Loading http://www.debka.com/headline.php?hid=5579 hits the following ASSERT: ASSERTION FAILED: m_refCount >= 0 (/Users/mlilek/Documents/WebKit/JavaScriptCore/VM/RegisterID.h:92 void JSC::RegisterID::deref()) Thread 0 Crashed: 0 com.apple.JavaScriptCore 0x004aa0da JSC::RegisterID::deref() + 82 (RegisterID.h:92) 1 com.apple.JavaScriptCore 0x004ad15f WTF::RefPtr<JSC::RegisterID>::~RefPtr() + 31 (RefPtr.h:50) 2 com.apple.JavaScriptCore 0x0047fcd5 JSC::CodeGenerator::emitConstruct(JSC::RegisterID*, JSC::RegisterID*, JSC::ArgumentsNode*) + 749 (CodeGenerator.cpp:1129) 3 com.apple.JavaScriptCore 0x004808c3 JSC::NewExprNode::emitCode(JSC::CodeGenerator&, JSC::RegisterID*) + 167 (nodes.cpp:412)
Created attachment 23442 [details] Full crashlog
This doesn't crash in the latest nightly (r36403).
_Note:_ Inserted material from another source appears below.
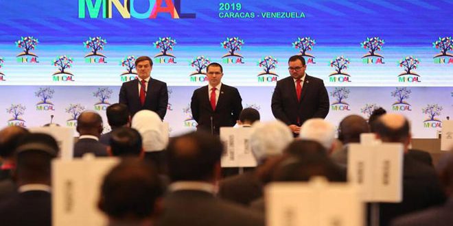 ولفت وزير الخارجية الفنزويلي خورخي أرياسا في كلمته الافتتاحية للاجتماع الذي يستمر يومين إلى أن بلاده وكوبا وسورية وإيران ونيغاراغوا وكوريا الديمقراطية هي “ضحية للتدخلات الخارجية المتبعة من قبل أجانب يسعون إلى تغيير الأنظمة وتبديلها بحكومات تخدم مصالحهم”.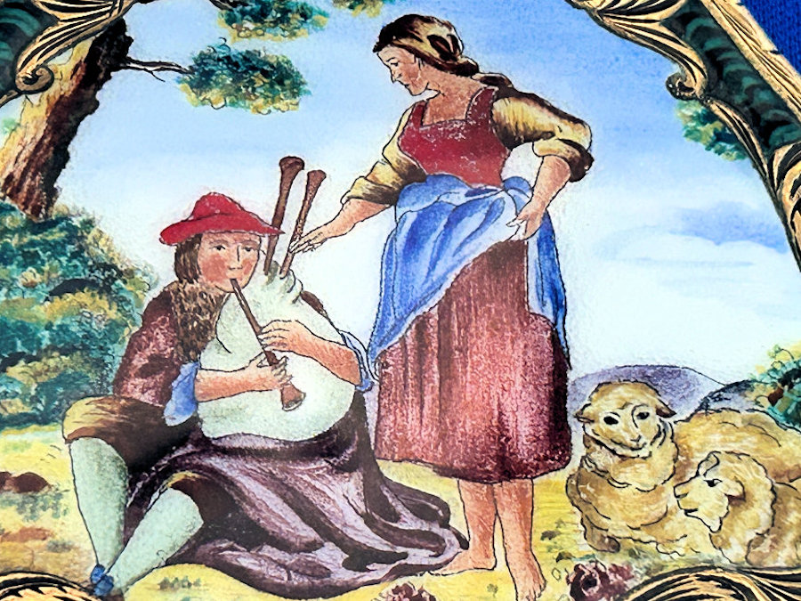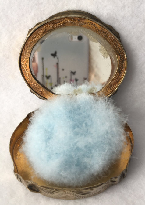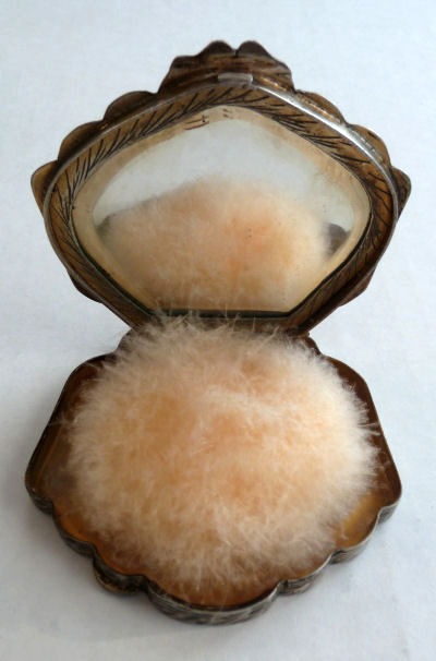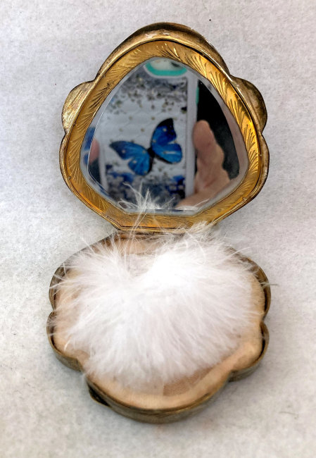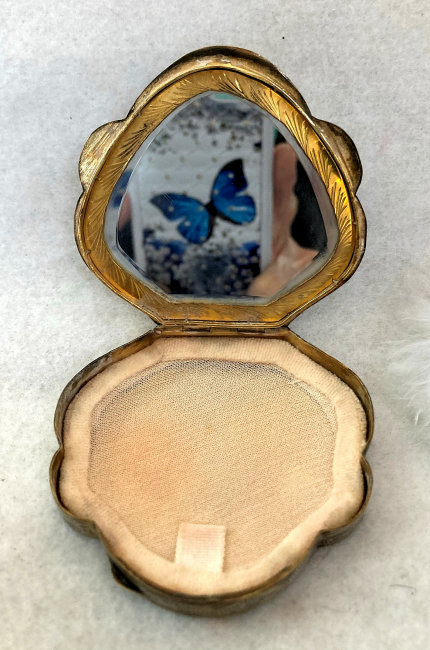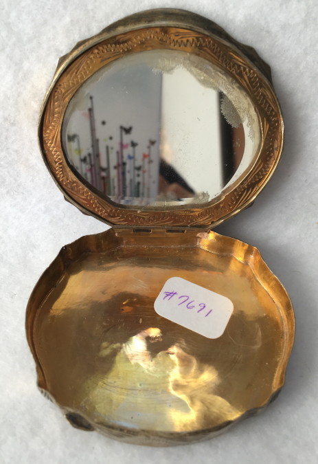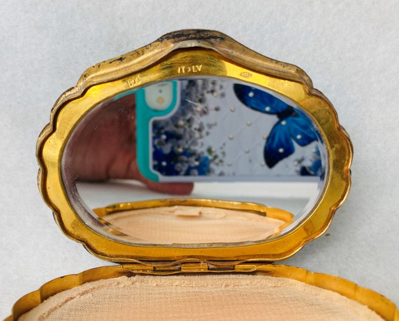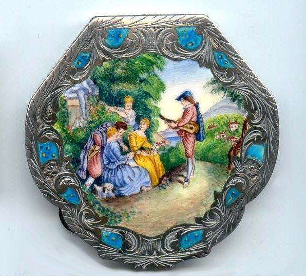 Over the years I have seen hundreds -- if not thousands -- of variations of a reclining woman with a man serenading her with various instruments from flutes to guitars. But I have never seen one where the man was playing bagpipes (or at least that is what this appears to be). There is even a dog looking on next to the lady's skirt. It is beautifully detailed and the scene is surrounded by a deep cobalt blue with turquoise accents. Inside there is a lovely shaped beveled mirror and a powder screen in the base. It is marked 800 on the rim of the mirror. Condition overall is excellent; ;in fact, I would call it pristine as there are no visible scratches that I can discern. The surface is like glass. This is a rare compact that would be a unique one-of-a-kind addition to any collection! Measures 2-7/8" wide x 2-5/8" high. (Click on pic for more photos.) |

Matt, should we close this bug?
(In reply to comment #3) > Matt, should we close this bug? > Thats up to you and whether you think this is worth investigating. I'll bump this down to a P2 since it only happens in a debug build.
Sorry! I forgot that nightly == release build. Back up to P1. We definitely want to fix this.
I'll assign this to myself. The problem is that in the CodeGenerator::emitConstruct() function, the local RefPtr<RegisterID> funcProto has a negative count after it is deref'd. I don't quite understand why just yet, but hopefully it won't be too hard to fix.
Sorry, I meant func, which is protected by a RefPtr<RegisterID> called protectFunc, not protoFunc.
This is sort of strange. On the offending call, we have the following RegisterIDs: func: 27 protoFunc: 26 callFrame[0]: 27 When it is allocating the new temporary for protoFunc, it somehow thinks that the register with index 26 is the last one in m_temporaries, which has no ref count, so it removes it and appends a new one. The next time, it still thinks that the register with index 26 is the last one, but it has a ref count, so it makes a new one with index 27. I think the bug here is likely not in the CodeGenerator::emitConstruct() logic, but rather in the fact that the last temporary in m_temporaries isn't the one with index 26, but I'll try to make a reduction and see. Thankfully, debka.com seems fairly old school.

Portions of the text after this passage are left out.